Task item: Consider the listing below. Extract exactly the lines from the line containing "Pink High Heels" to the line containing "面對水岸,兩隻供漁船停泊的突", both included.

Excerpted data:
---

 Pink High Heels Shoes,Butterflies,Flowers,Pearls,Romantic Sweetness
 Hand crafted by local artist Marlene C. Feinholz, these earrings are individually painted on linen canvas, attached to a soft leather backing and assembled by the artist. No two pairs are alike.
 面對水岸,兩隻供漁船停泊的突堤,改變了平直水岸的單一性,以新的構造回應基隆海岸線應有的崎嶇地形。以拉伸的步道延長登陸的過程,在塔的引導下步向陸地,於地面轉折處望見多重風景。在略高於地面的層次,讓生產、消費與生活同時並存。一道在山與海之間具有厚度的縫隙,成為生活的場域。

---

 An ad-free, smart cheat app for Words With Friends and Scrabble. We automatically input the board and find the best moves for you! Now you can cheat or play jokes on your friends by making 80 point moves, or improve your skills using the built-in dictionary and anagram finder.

---

Result:
 Pink High Heels Shoes,Butterflies,Flowers,Pearls,Romantic Sweetness
 Hand crafted by local artist Marlene C. Feinholz, these earrings are individually painted on linen canvas, attached to a soft leather backing and assembled by the artist. No two pairs are alike.
 面對水岸,兩隻供漁船停泊的突堤,改變了平直水岸的單一性,以新的構造回應基隆海岸線應有的崎嶇地形。以拉伸的步道延長登陸的過程,在塔的引導下步向陸地,於地面轉折處望見多重風景。在略高於地面的層次,讓生產、消費與生活同時並存。一道在山與海之間具有厚度的縫隙,成為生活的場域。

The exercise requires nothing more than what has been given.